Task item ▸ Line by line, transcribe the data below exactly and pass over the images.

Information provided ▸

<<<<

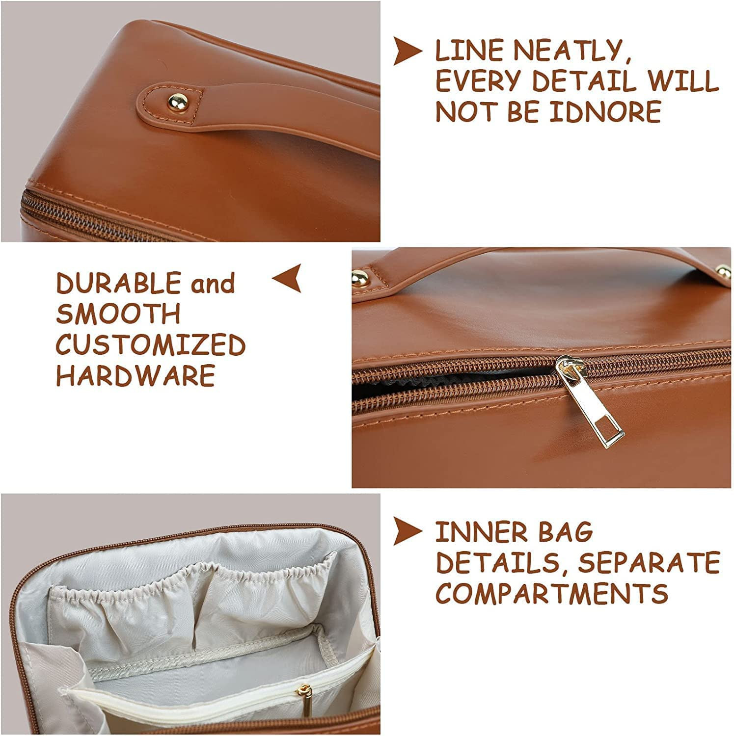 TITLE : Large Capacity Cosmetic Travel Bag, Women’s Makeup Travel Bag Portable Leather Cosmetics Bag, Makeup Storage Bags with Handle and Divider, Wide Opening Cosmetic/Makeup Organizer Bags
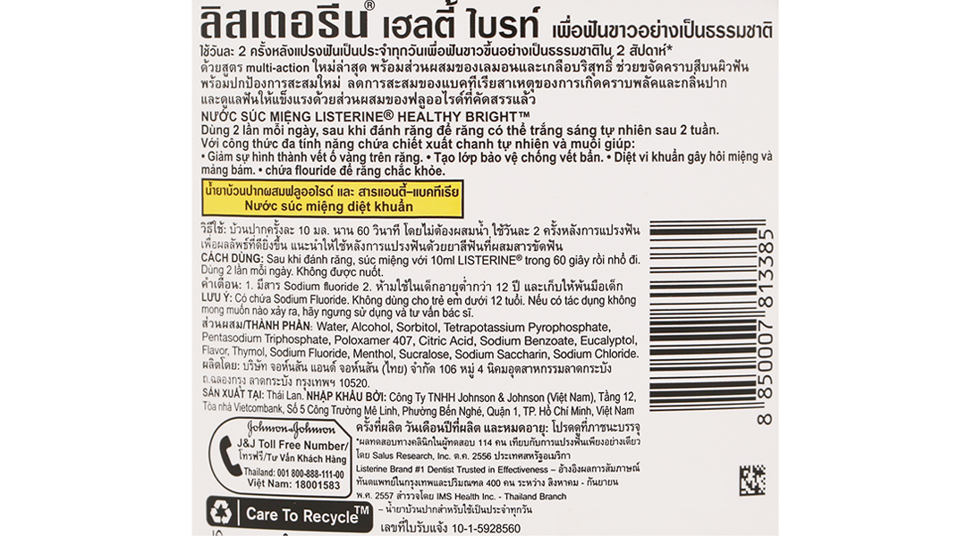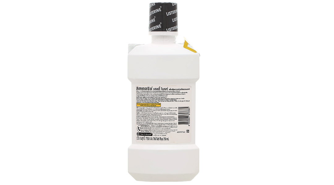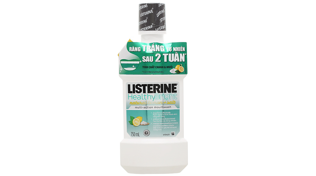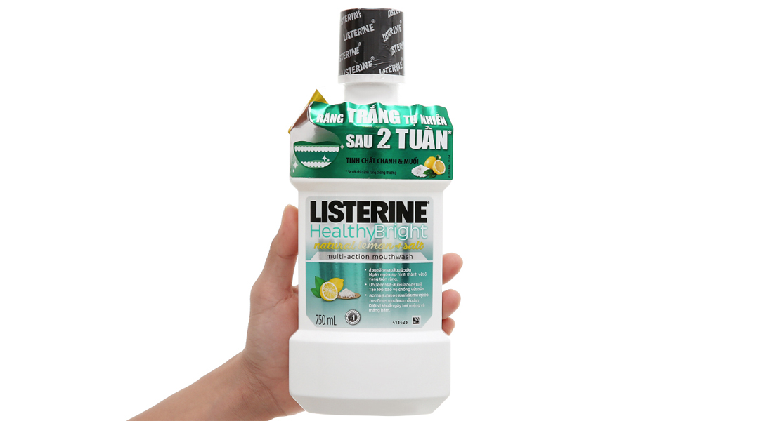 Dùng nước súc miệng Listerine 2 lần mỗi ngày, sau khi đánh răng để răng có thể trắng sáng tự nhiên sau 2 tuần. Với công thức đa tính năng chứa chiết xuất chanh tự nhiên và muối giúp: Giảm sự hình thành vết ố vàng trên răng, tạo lớp bảo vệ chống vết bẩn, diệt vi khuẩn gây hôi miệng và mảng bám, chứa Fluoride để răng chắc khỏe.
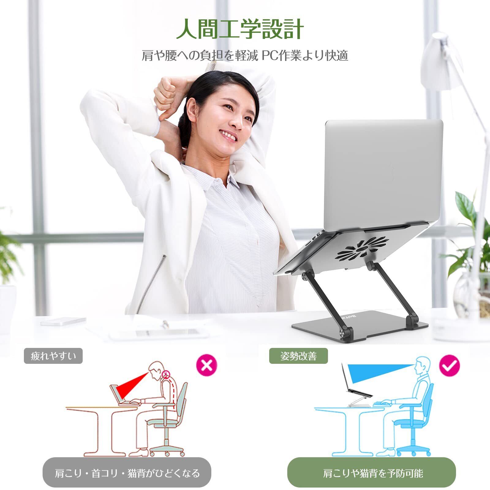 ✨BoYataのノートパソコンスタンドを使うことで、作業時の姿勢が改善され、デスク周りが整理整頓されます。快適な作業環境を整え、効率を向上させましょう!
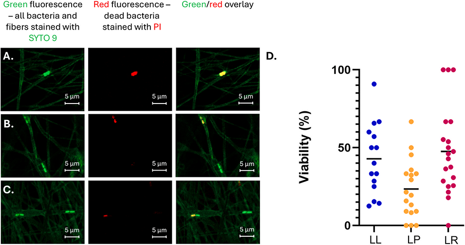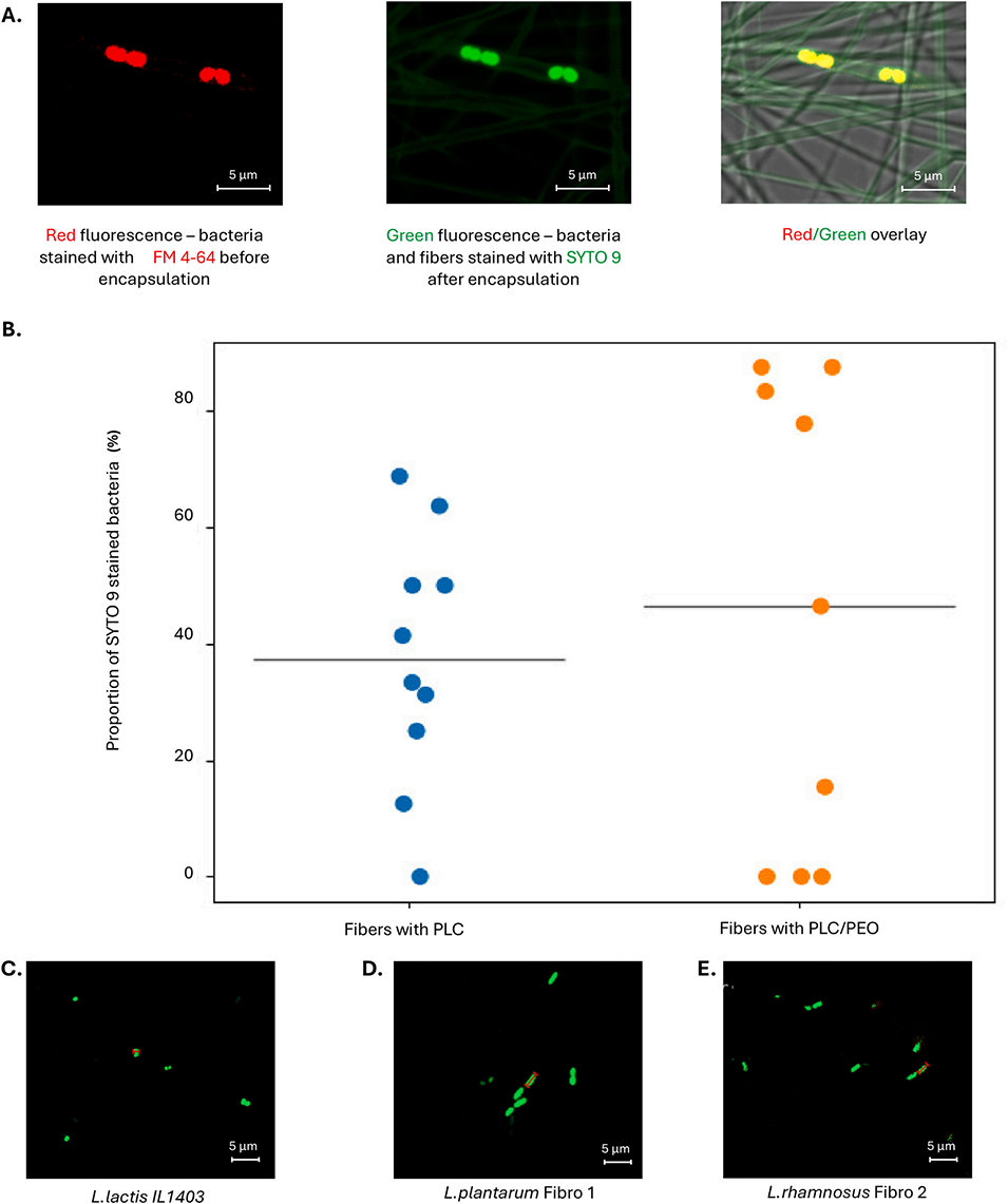 2、该方法将益生菌封装于微胶囊内,并在同一过程中将其纺入疏水性纤维。通过共聚焦显微镜和荧光染色证实益生菌存在于纤维中,在1mm厚的基质中益生菌平均浓度为 106 个细菌/cm2。

>>>>

Response to this task ▸
 TITLE : Large Capacity Cosmetic Travel Bag, Women’s Makeup Travel Bag Portable Leather Cosmetics Bag, Makeup Storage Bags with Handle and Divider, Wide Opening Cosmetic/Makeup Organizer Bags
 Dùng nước súc miệng Listerine 2 lần mỗi ngày, sau khi đánh răng để răng có thể trắng sáng tự nhiên sau 2 tuần. Với công thức đa tính năng chứa chiết xuất chanh tự nhiên và muối giúp: Giảm sự hình thành vết ố vàng trên răng, tạo lớp bảo vệ chống vết bẩn, diệt vi khuẩn gây hôi miệng và mảng bám, chứa Fluoride để răng chắc khỏe.
 ✨BoYataのノートパソコンスタンドを使うことで、作業時の姿勢が改善され、デスク周りが整理整頓されます。快適な作業環境を整え、効率を向上させましょう!
 2、该方法将益生菌封装于微胶囊内,并在同一过程中将其纺入疏水性纤维。通过共聚焦显微镜和荧光染色证实益生菌存在于纤维中,在1mm厚的基质中益生菌平均浓度为 106 个细菌/cm2。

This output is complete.